Yes, that's what I was looking for. Nothing immediately wrong jumps out at me, unfortunately. I might need you to apply some debugging patches later, once I form some hypothesis as to what's going wrong. I'd like to ask if there's been any progress on this bug? I have essentially the same kind of issue see https://bbs.archlinux.org/viewtopic.php?id=190000 with a shutdown of usb caused by something in xhci. I'm willing to assist in getting more information if that's required. My kernel is 3.17.3-1-ARCH #1 SMP PREEMPT Fri Nov 14 23:13:48 CET 2014 x86_64 GNU/Linux. Is it worth me trying the same kind of build as in comment 6? While dealing with halted endpoints in xhci I noticed that there could be issues with how we stop endpoints and cancel URBs as well. If I make an additional debug patch could you apply it and run it with the xhci debugging enabled as in comment 6? I am willing to try this, but when I looked at the drivers/usb/host files I do not see the debug flag mentioned in comment 6 (CONFIG_USB_DEBUG) nor is it in the .config prepared by the Arch pkgbuild.
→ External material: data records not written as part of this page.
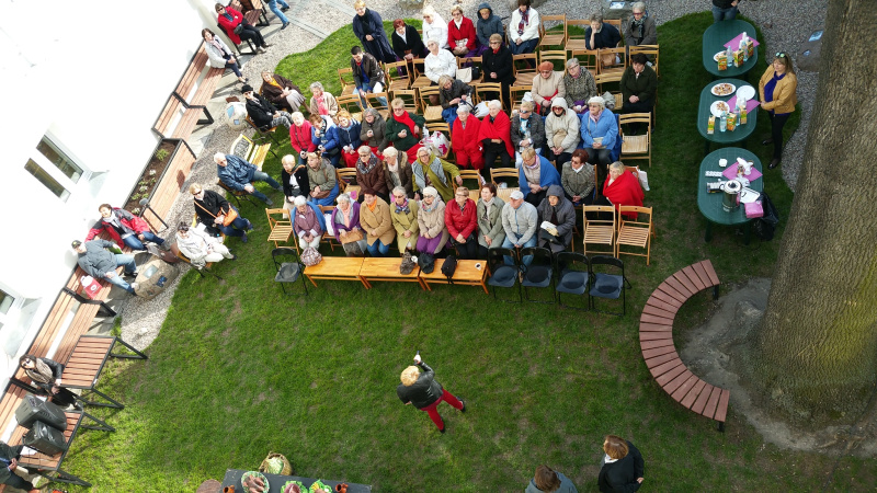 Zaproszenie na podwieczorek w bibliotecznym ogrodzie tak zaintrygowało płocczan, że do przyjaznej gościom Czytelni pod chmurką przybyło mnóstwo gości. Nie zlękli się nawet wcale nie wiosennej jeszcze temperatury, nie wybrali „konkurencyjnej” imprezy… Nie żałowali!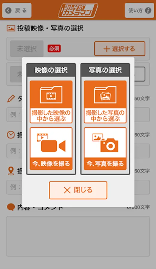 あなたのまわりで起きたことを、いち早く「映像」や「写真」で投稿してみませんか。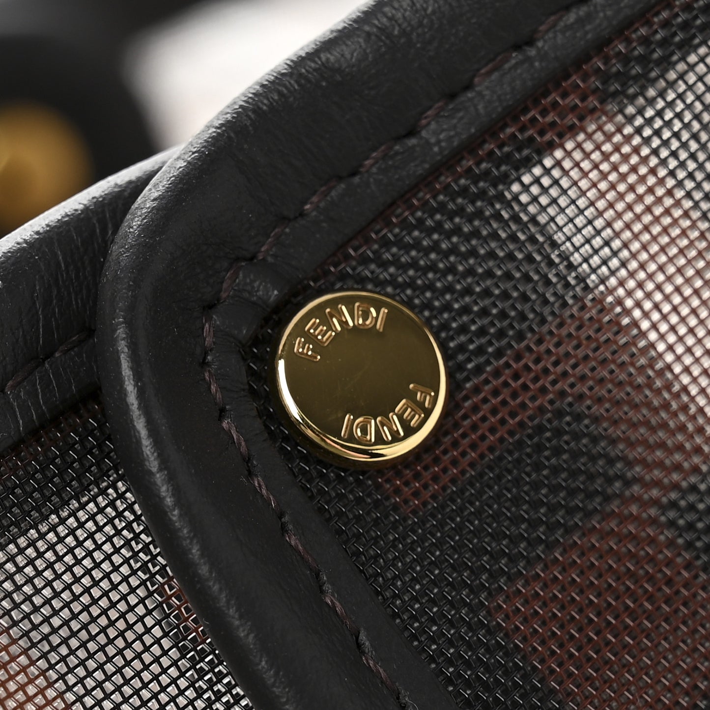 This is an authentic FENDI Mesh Vitello Century FF 1974 Mini Peekaboo Defender Cover in Marrone, Black, and Ebano. This stylish cover is crafted of Fendi logo mesh, with brown leather trim. It attaches with brass press studs on the sides and can be used to cover your mini Fendi Peekaboo to give it a classic look.Follow this item for alerts. Fendi is a registered trademark of Fendi. FASHIONPHILE is not affiliated with Fendi.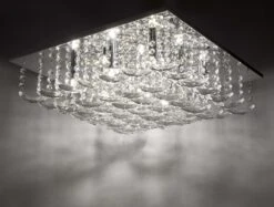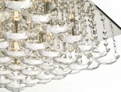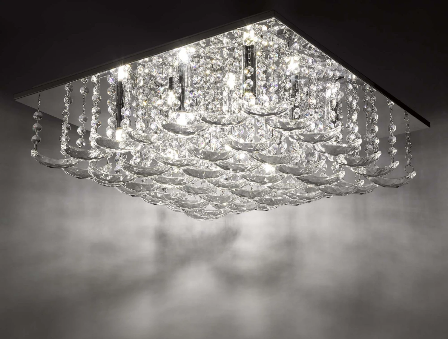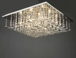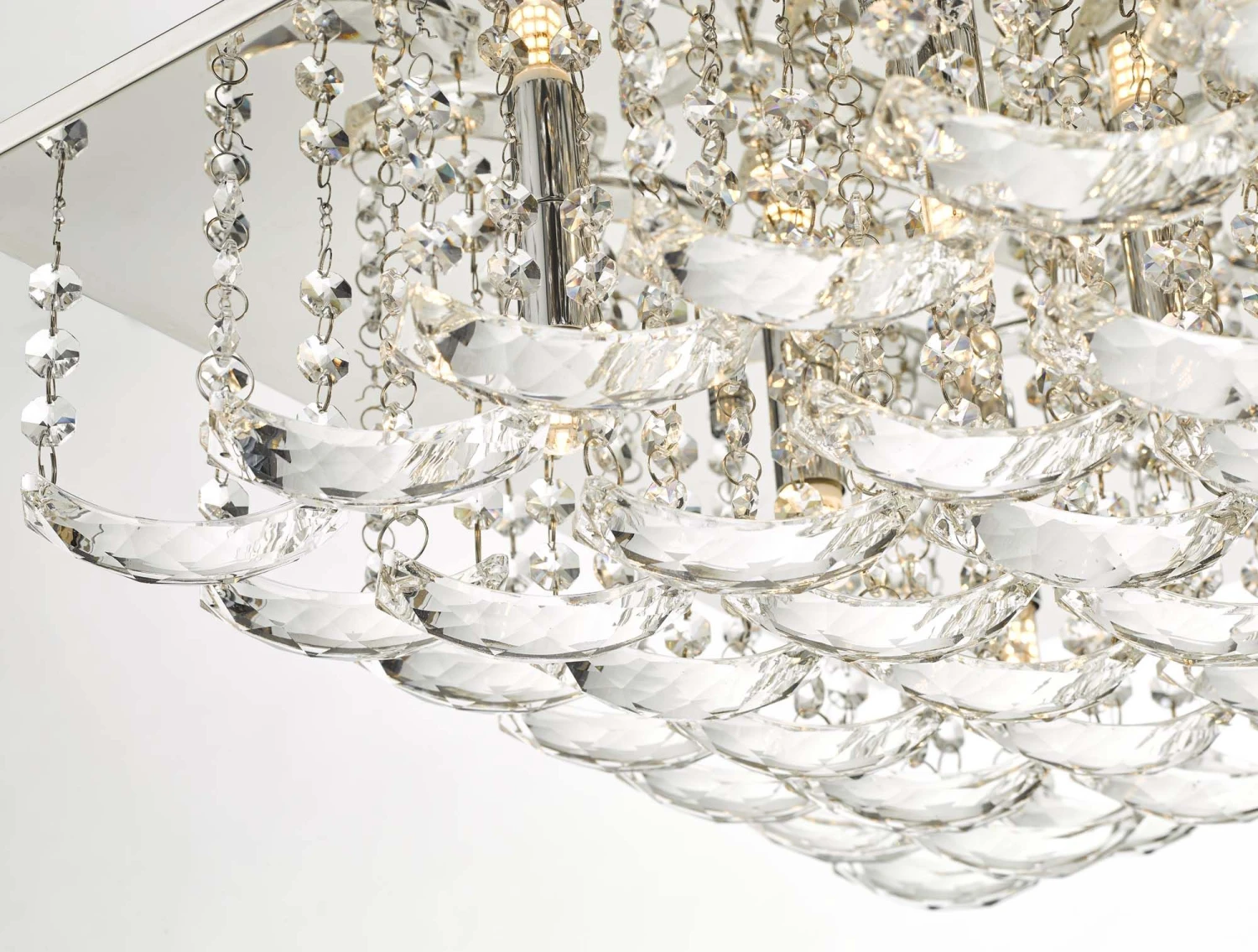 The Orella 9 light Flush ORE1350 is a curved faceted crystal flush fitting suspended in a perfect square giving a stunning lighting effect, finished in polished chrome. Available in a smaller size.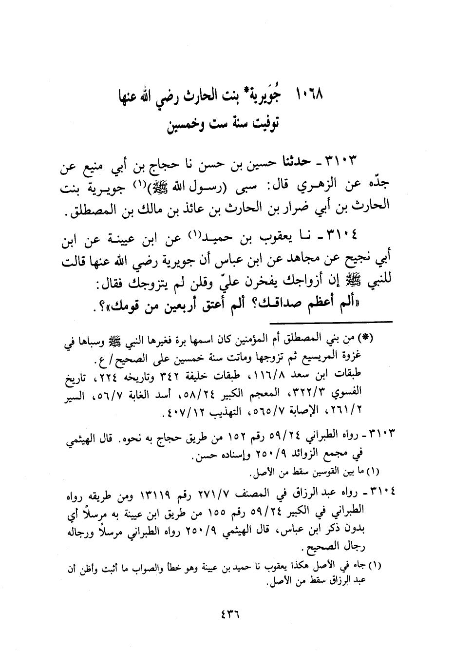 3103 - حَدَّثَنَا حُسَيْنُ بْنُ حَسَنٍ، نا حَجَّاجُ بْنُ أَبِي مَنِيعٍ، عَنْ جَدِّهِ، عَنِ الزُّهْرِيِّ، قَالَ: §سَبَى رَسُولُ اللَّهِ صَلَّى اللهُ عَلَيْهِ وَسَلَّمَ جُوَيْرِيَةَ بِنْتَ الْحَارِثِ بْنِ أَبِي ضِرَارِ بْنِ الْحَارِثِ بْنِ عَائِذِ بْنِ مَالِكِ بْنِ الْمُصْطَلِقِ "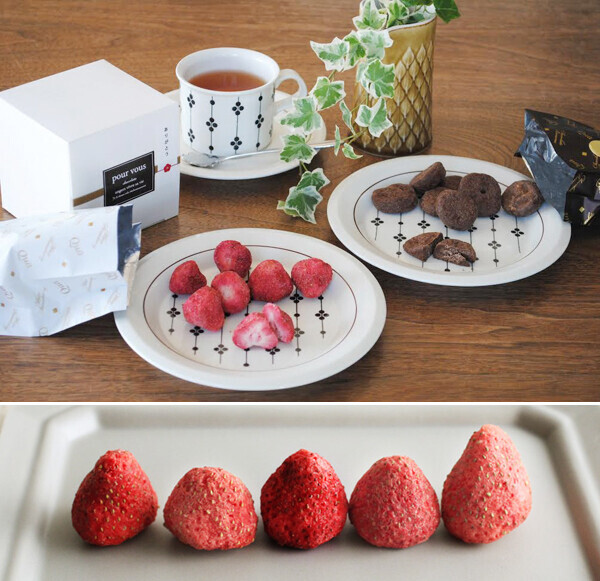 新鮮なうちにフリーズドライした果実に、独自の技術でチョコをじっくり染み込ませた新感覚のスイーツ。サクッ&クリーミーな、今までにない食感が味わえます。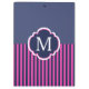 Padrão de listras azul e rosa quente com marinho na moda com monograma personalizável.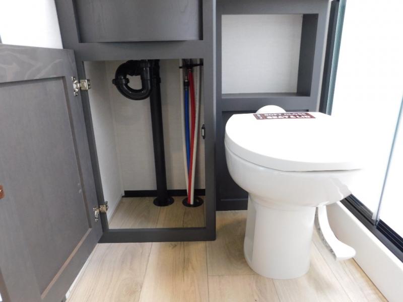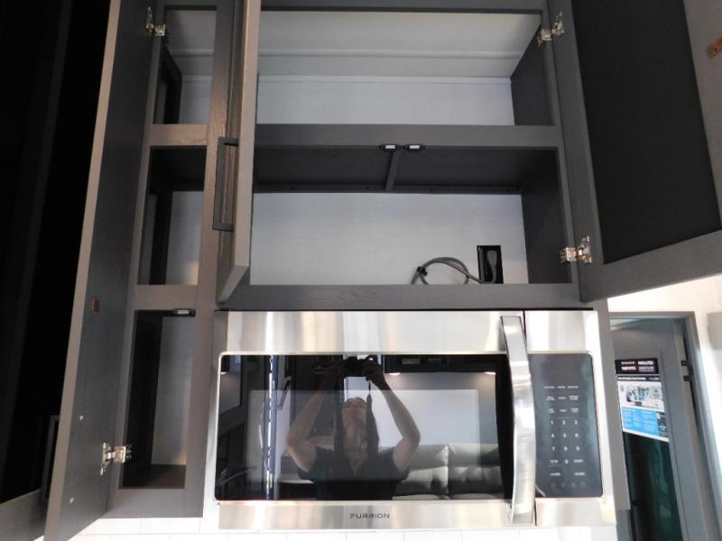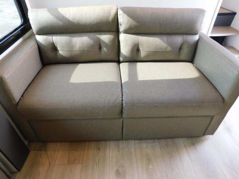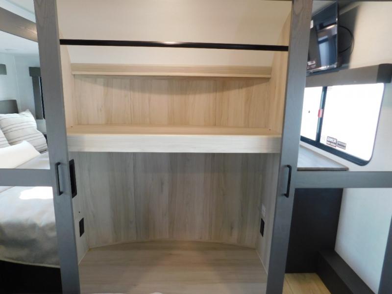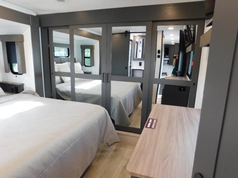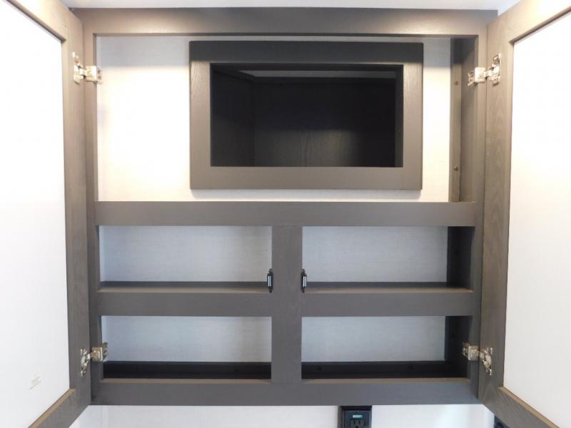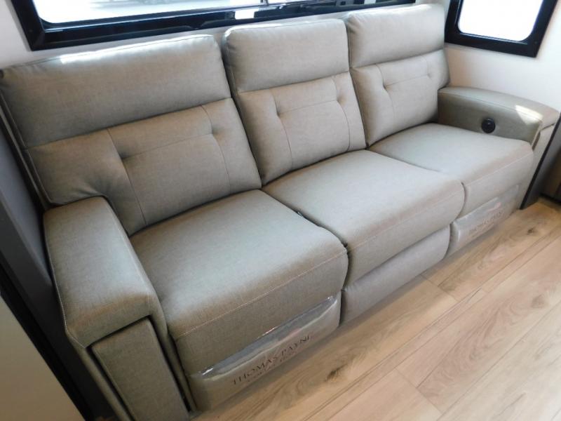 There is room for your off-road toys and the whole family in this toy hauler! The bath and a half makes life more convenient and the dual entry doors create a smooth flow of traffic in and out of the unit. Aside from 13' of garage space, an air compressor, and an entrance/exit door, there are also opposing HappiJac sofas with a queen bed above them, a loft that opens to the garage, and a half bathroom. The chef can prepare their best meals with the four burner cooktop while two others sit at the flip up counter with two bar stools. After a fun day on the trails, wash up in the full bathroom with the 48" x 30" shower, grab your pajamas from the front wardrobe or flip top dresser in the front private bedroom then relax on one of the two sofas by the fireplace and 50" HDTV!
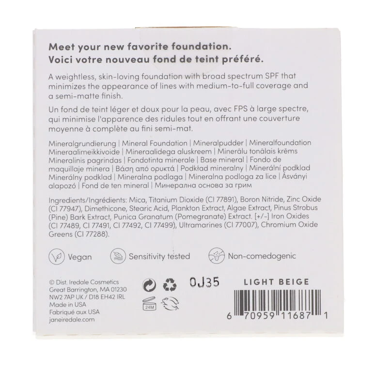 Simple Jane Iredale PurePressed Base Mineral Foundation Refill Light Beige 0.35 Oz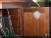 Herr M., als er die Tür seines Geräteschuppens im Garten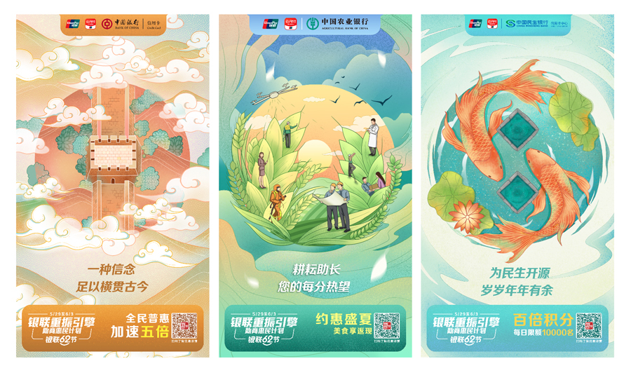 银联迎来第一个疫情后的线下购物节:62节,联合银行及商户,推出积分、折扣等回馈活动,要让人们花的每一分钱都值得,助力人们过好生活。配合本活动,特别推出了一组创意动图海报。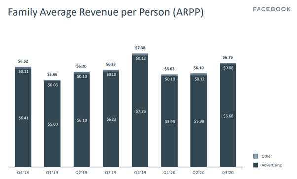Посткарантинный рост. После вакцинации населения рост акций не закончится, так как Alphabet, Facebook значительно увеличат рост рекламной выручки, а Adobe и Salesforce продажи ИТ-продуктов для промышленности и бизнеса. Выручка на одного пользователя стремительно восстанавливалась у Facebook в 3 квартале, когда не было серьезных ограничительных мер. Поэтому при вакцинации населения ждем не только дальнейший прирост пользователей более 12% в год, но и дохода на одного пользователя более 7,5 долларов на человека в квартал.
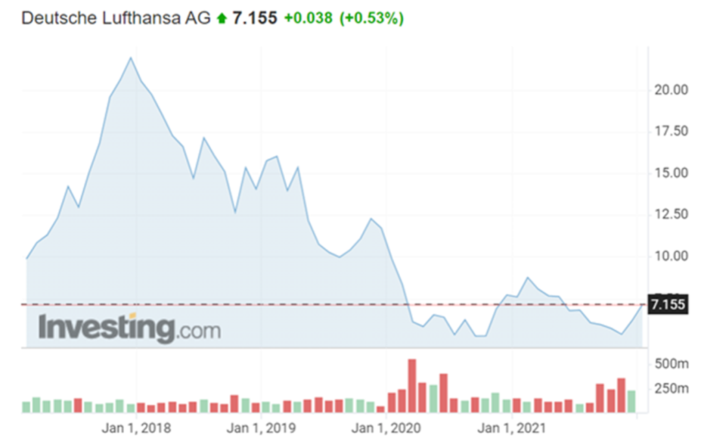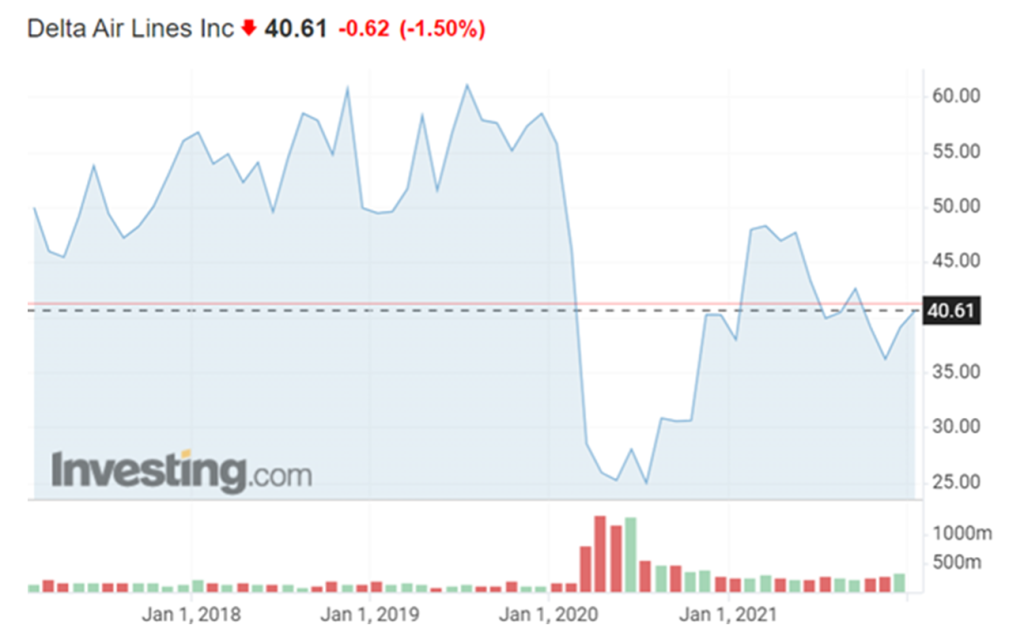 Výkonnost společnosti Delta Air Lines Inc za posledních 5 let. (Zdroj: www.investing.com)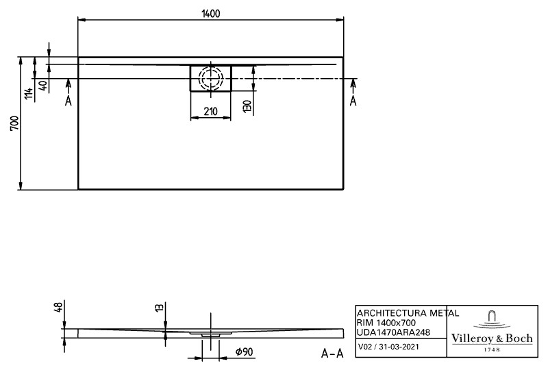 V&B Duschwanne Architectura Metalrim 140 x 70 x 4,8 cm, weiß, Antirutsch, Acryl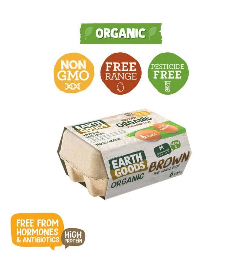 Earth Goods’ premium organic brown eggs are fresh from dedicated family farms, sourced from free-range, organically fed-hens. They are high in protein, nutritious, favourful, free from hormones and antibiotics, a wholesome and natural choice with an exceptional taste.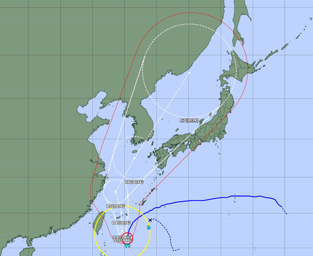 일본기상청도 JTWC와 약간 다르게, 좀 더 우리나라에 피해가 큰 태풍 진로를 예상하고 있습니다. 9월 5일 오전 방향을 북동쪽으로 틀어, 제주도를 향하며 6월 새벽 3시 전후 제주도 동쪽 해안을 지나 경남 통영으로 상륙한 후 포항 앞바다로 빠져나갈 것으로 전망하고 있습니다. 제주도 통과 시점인 6일 새벽 3시의 중심기압은 950헥토파스칼, 최대풍속은 초속 45미터로 상당히 강한 태풍이 지나갈 것으로 예상되며, 태풍의 육상 이동 경로에 속하는 통영, 부산, 대구, 포항 등 지역에 큰 피해가 우려됩니다.

There are other flags with debug and usb in their names eg CONFIG_DVB_USB_DEBUG, but I would need advice on which debugs to turn on. Ah, yes, the CONFIG_USB_DEBUG was for older kernels. With later kernels you only need to check that dynamic debug is enabled: CONFIG_DYNAMIC_DEBUG=y check if debugfs is mounted, if not then run: mount -t debugfs none /sys/kernel/debug And to enable xhci debugging do: echo -n 'module xhci_hcd =p' > /sys/kernel/debug/dynamic_debug/control many distos have the dynamic debug enabled and debugfs mounted automatically so you only need to echo to the dymanic_debug/control file. OK I have checked and it seems the stock arch linux kernel has CONFIG_DYNAMIC_DEBUG set so I don't need a recompile. I will carry out the comment 6 type process when I get home. I'll post the dmesg output here tonight. Created attachment 158441 [details]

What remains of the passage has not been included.